*What is being asked*.
From the first line of the data down to the line bearing "- This screen", output every line exactly and include no pictures.

*Supplied material*.
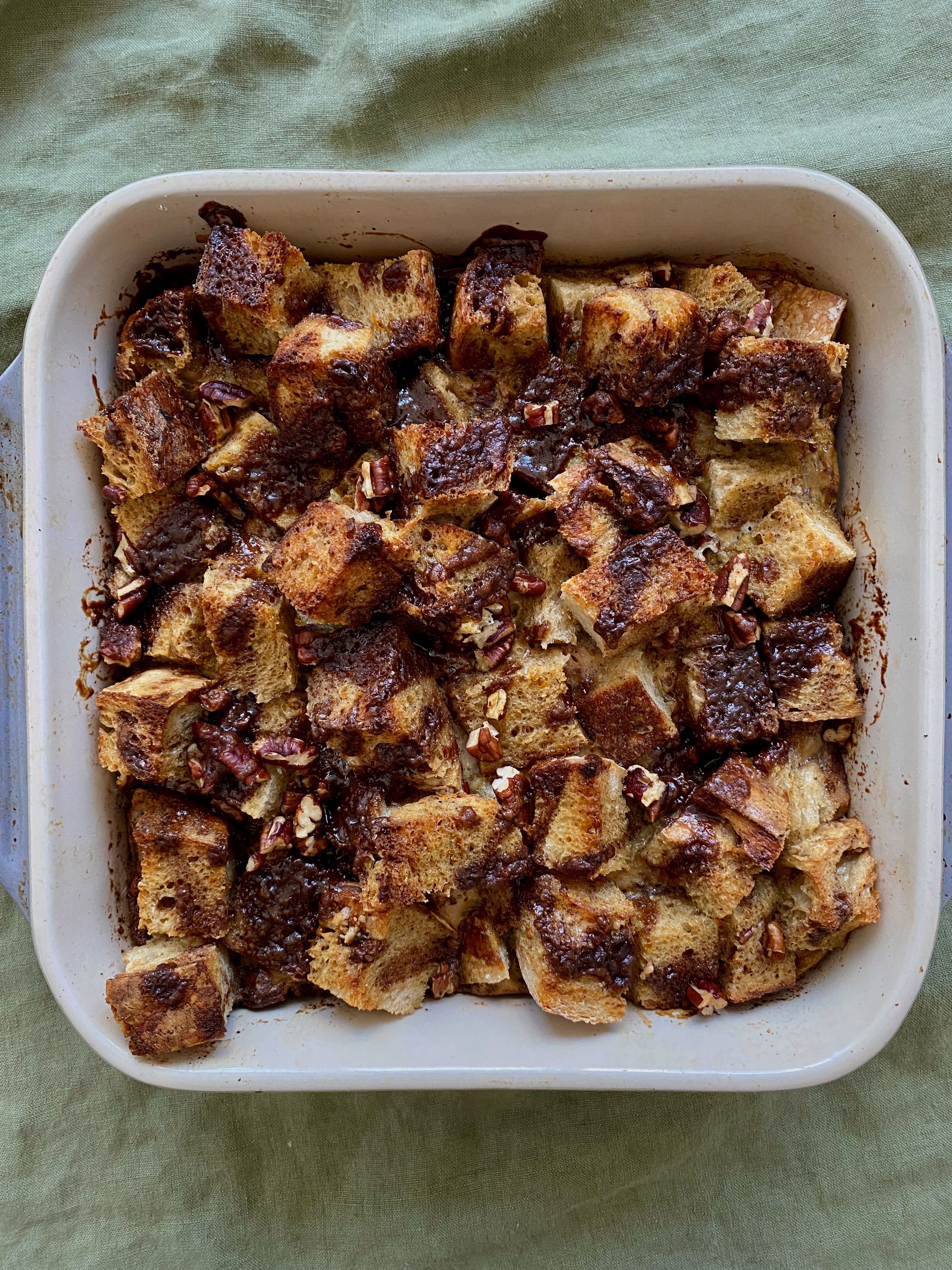 Preheat oven to 375℉ and lightly grease a square baking pan with butter. Add the sourdough bread to the pan along with the pecans and toss.
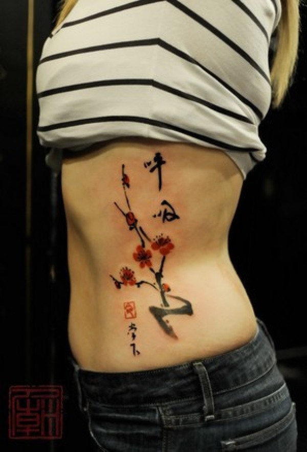 美女侧腰梅花纹身_腰部纹身图案大全_纹身图吧
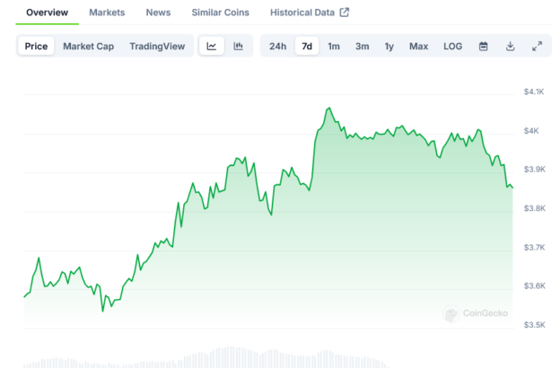 Ethereum (ETH) Price: Breaks $4,000 as Weekly Transactions Hit $17.15 Billion
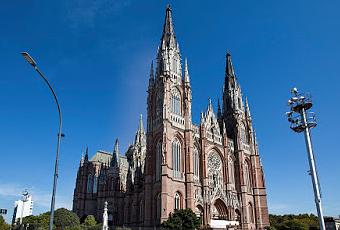 Œuvre conjointe de l’Argentin Pedro Benoit (Buenos Aires, 1836-Mar del Plata, 1897), de l’Allemand Ernest Meyer, né à Hanovre, et du Français Emile Coutaret (Thiers, 1863-La Plata, 1949), à la suite d’un concours international lancé en 1882, l’année de fondation de la capitale de la toute nouvelle Province de Buenos Aires (1880), la cathédrale de l’Immaculée Conception de La Plata est une merveille de l’art néo-gothique en Amérique du Sud. Elle a été inscrite au patrimoine de l’UNESCO. Elle passe pour avoir été le décor du mariage de Perón et de Eva Duarte mais ils se sont mariés à l’église paroissiale St-François d’Assise.
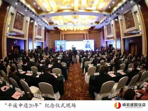 2017年12月3日上午九時,《平遙古城申遺成功二十周年紀念儀式暨保護與傳承論壇》在平遙峰巖建國飯店合慶廳莊重舉行。聯(lián)合國教科文組織亞太地區(qū)世界遺產(chǎn)培訓(xùn)與研究中心副主任西蒙尼?里卡、國家文物局文物保護與考古司世界遺產(chǎn)處副處長邵軍、山西省委、省政府領(lǐng)導(dǎo)、晉中市四大班子領(lǐng)導(dǎo)、1987年以來歷屆縣委縣政府主要領(lǐng)導(dǎo)及分管領(lǐng)導(dǎo)、來自麗江、蘇州園林、五臺山、云岡石窟等文化遺產(chǎn)地代表隆重會集,共計280余人應(yīng)邀出席了紀念儀式。此次活動有50余位新華網(wǎng)、澎湃網(wǎng)等國家省市媒體記者參與現(xiàn)場報道。
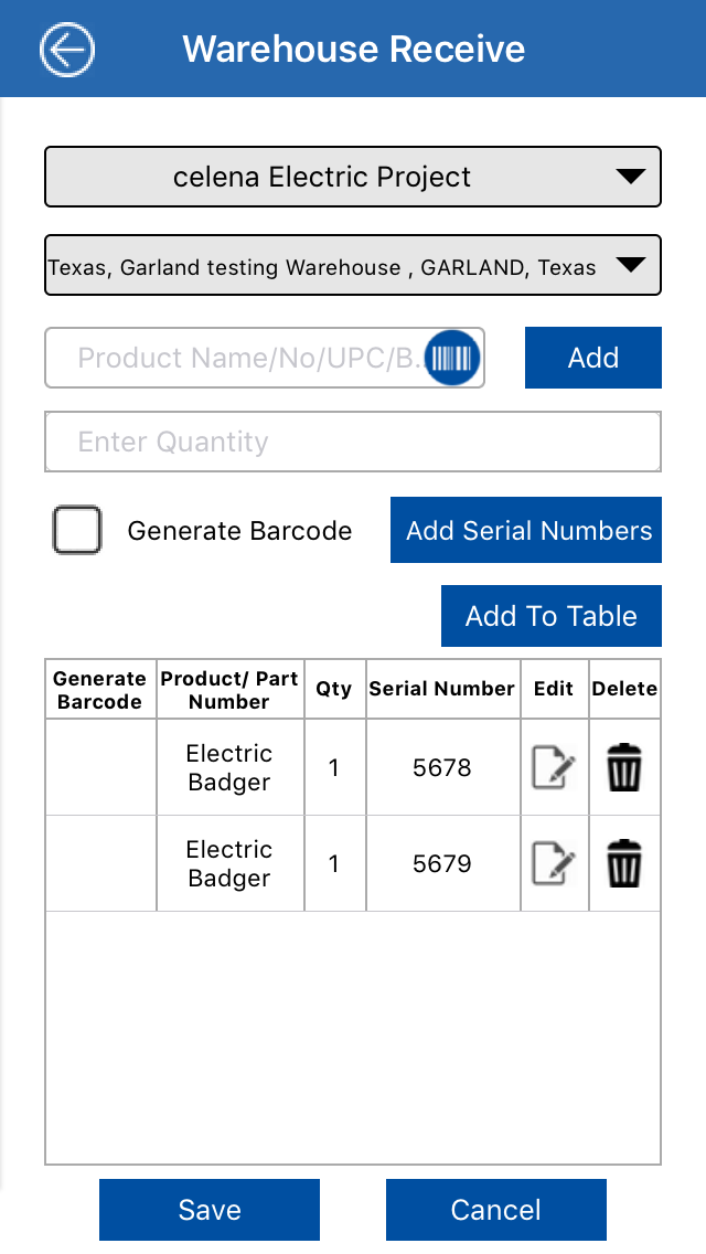 - This screen will be used by warehouse manager to add inventory into the warehouse
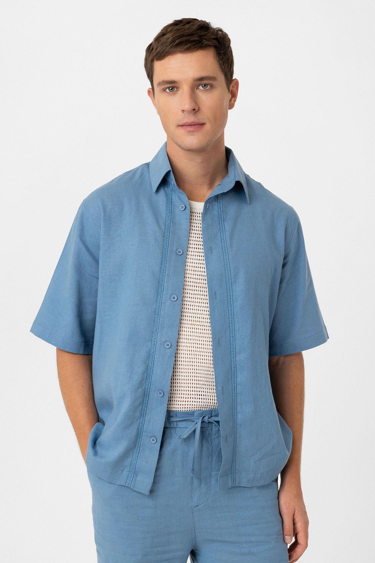 Mavi Keten Karışımlı Relaxed Erkek Gömlek
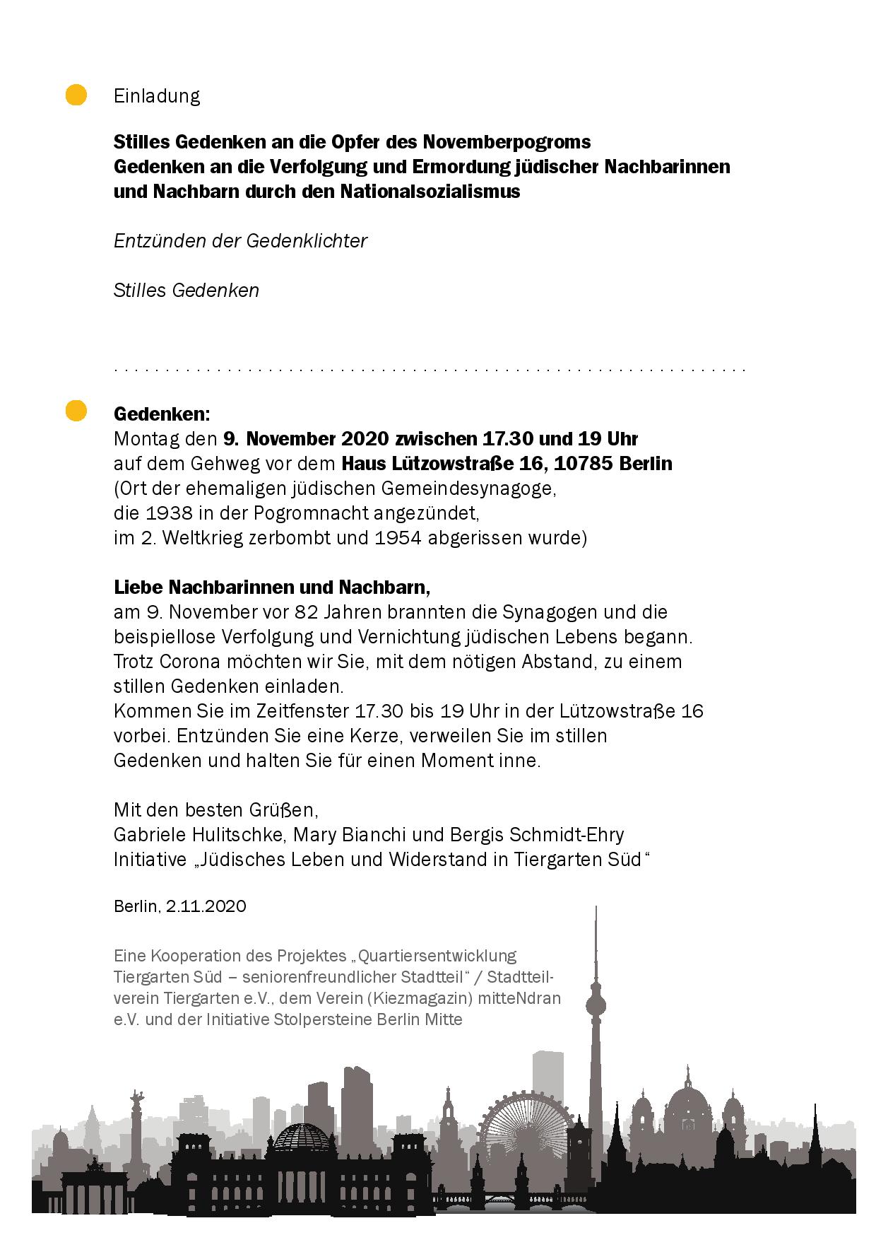 Liebe Mitbürger*innen leider müssen wir die für den 9.November 2020 geplante Gedenkfeier in der vorgesehenen Form Corona-bedingt absagen!
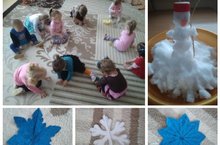 Без бүген кечкенәләр төркемендә карның төрле үзенчәлекләрен өйрәндек. Кечкенә генә Кар бабай да әвәләдек, кар бөртекләрен төзедек, төрле уеннар уйнадык.
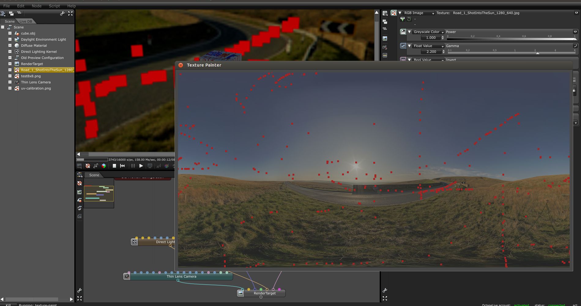In this example we do live texture painting. Just start rendering something, select a texture node and start the script. Now you should by able to paint some stuff on your selected texture. You can also use it to paint a texture environment. This is a proof-of-concept, not a production stable script!

*Result below*.
 Preheat oven to 375℉ and lightly grease a square baking pan with butter. Add the sourdough bread to the pan along with the pecans and toss.
 美女侧腰梅花纹身_腰部纹身图案大全_纹身图吧
 Ethereum (ETH) Price: Breaks $4,000 as Weekly Transactions Hit $17.15 Billion
 Œuvre conjointe de l’Argentin Pedro Benoit (Buenos Aires, 1836-Mar del Plata, 1897), de l’Allemand Ernest Meyer, né à Hanovre, et du Français Emile Coutaret (Thiers, 1863-La Plata, 1949), à la suite d’un concours international lancé en 1882, l’année de fondation de la capitale de la toute nouvelle Province de Buenos Aires (1880), la cathédrale de l’Immaculée Conception de La Plata est une merveille de l’art néo-gothique en Amérique du Sud. Elle a été inscrite au patrimoine de l’UNESCO. Elle passe pour avoir été le décor du mariage de Perón et de Eva Duarte mais ils se sont mariés à l’église paroissiale St-François d’Assise.
 2017年12月3日上午九時,《平遙古城申遺成功二十周年紀念儀式暨保護與傳承論壇》在平遙峰巖建國飯店合慶廳莊重舉行。聯(lián)合國教科文組織亞太地區(qū)世界遺產(chǎn)培訓(xùn)與研究中心副主任西蒙尼?里卡、國家文物局文物保護與考古司世界遺產(chǎn)處副處長邵軍、山西省委、省政府領(lǐng)導(dǎo)、晉中市四大班子領(lǐng)導(dǎo)、1987年以來歷屆縣委縣政府主要領(lǐng)導(dǎo)及分管領(lǐng)導(dǎo)、來自麗江、蘇州園林、五臺山、云岡石窟等文化遺產(chǎn)地代表隆重會集,共計280余人應(yīng)邀出席了紀念儀式。此次活動有50余位新華網(wǎng)、澎湃網(wǎng)等國家省市媒體記者參與現(xiàn)場報道。
 - This screen will be used by warehouse manager to add inventory into the warehouse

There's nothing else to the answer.